_Extracted entries_
..............................

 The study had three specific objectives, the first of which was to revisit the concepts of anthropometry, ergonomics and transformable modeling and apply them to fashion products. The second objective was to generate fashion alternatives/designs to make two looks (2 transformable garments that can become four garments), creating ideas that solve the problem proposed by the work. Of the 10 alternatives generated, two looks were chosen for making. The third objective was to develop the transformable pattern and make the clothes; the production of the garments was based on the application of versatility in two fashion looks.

..............................

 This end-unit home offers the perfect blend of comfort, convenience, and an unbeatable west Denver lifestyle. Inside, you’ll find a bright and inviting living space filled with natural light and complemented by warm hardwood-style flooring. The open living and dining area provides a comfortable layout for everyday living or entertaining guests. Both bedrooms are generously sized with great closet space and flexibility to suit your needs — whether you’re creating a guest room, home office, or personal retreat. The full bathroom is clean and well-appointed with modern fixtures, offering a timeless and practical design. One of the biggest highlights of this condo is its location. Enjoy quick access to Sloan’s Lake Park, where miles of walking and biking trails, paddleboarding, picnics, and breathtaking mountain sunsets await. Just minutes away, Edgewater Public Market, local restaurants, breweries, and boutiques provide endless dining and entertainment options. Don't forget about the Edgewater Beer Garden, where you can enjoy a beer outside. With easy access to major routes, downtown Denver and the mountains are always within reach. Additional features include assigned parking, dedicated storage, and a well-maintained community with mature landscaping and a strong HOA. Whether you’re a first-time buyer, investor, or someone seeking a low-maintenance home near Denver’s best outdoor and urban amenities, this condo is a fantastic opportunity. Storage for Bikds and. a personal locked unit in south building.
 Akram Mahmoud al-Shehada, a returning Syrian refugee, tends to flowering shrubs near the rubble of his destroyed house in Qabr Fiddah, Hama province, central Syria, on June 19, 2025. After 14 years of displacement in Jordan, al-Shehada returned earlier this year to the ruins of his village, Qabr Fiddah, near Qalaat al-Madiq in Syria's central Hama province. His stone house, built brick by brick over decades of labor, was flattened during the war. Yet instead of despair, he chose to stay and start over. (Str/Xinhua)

..............................

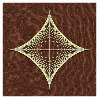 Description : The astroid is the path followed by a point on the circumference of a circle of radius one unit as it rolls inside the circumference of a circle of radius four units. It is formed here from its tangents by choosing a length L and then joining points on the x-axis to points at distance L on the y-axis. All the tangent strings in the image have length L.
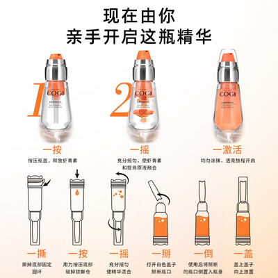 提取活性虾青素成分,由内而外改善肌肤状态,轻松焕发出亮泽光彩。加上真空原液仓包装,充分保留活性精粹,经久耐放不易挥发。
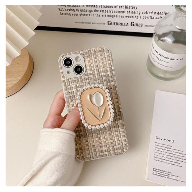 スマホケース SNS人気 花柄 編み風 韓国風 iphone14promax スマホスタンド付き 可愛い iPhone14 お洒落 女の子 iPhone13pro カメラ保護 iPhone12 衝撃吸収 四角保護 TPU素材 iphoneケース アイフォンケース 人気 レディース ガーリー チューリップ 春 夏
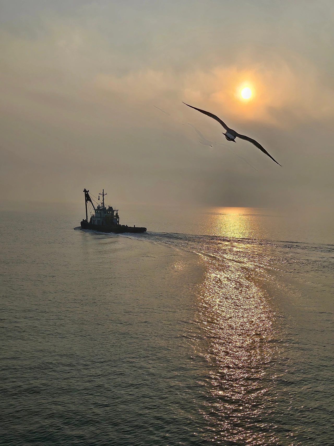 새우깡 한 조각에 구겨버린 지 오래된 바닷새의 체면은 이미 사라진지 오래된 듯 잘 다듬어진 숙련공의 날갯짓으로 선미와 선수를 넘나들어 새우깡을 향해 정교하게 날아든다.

..............................

Taking the entries above, extract every line from the one bearing "スマホケース SNS人気 花柄" through the one bearing "새우깡 한 조각에 구겨버린", exactly, with no pictures.

_Task solution_
 スマホケース SNS人気 花柄 編み風 韓国風 iphone14promax スマホスタンド付き 可愛い iPhone14 お洒落 女の子 iPhone13pro カメラ保護 iPhone12 衝撃吸収 四角保護 TPU素材 iphoneケース アイフォンケース 人気 レディース ガーリー チューリップ 春 夏
 새우깡 한 조각에 구겨버린 지 오래된 바닷새의 체면은 이미 사라진지 오래된 듯 잘 다듬어진 숙련공의 날갯짓으로 선미와 선수를 넘나들어 새우깡을 향해 정교하게 날아든다.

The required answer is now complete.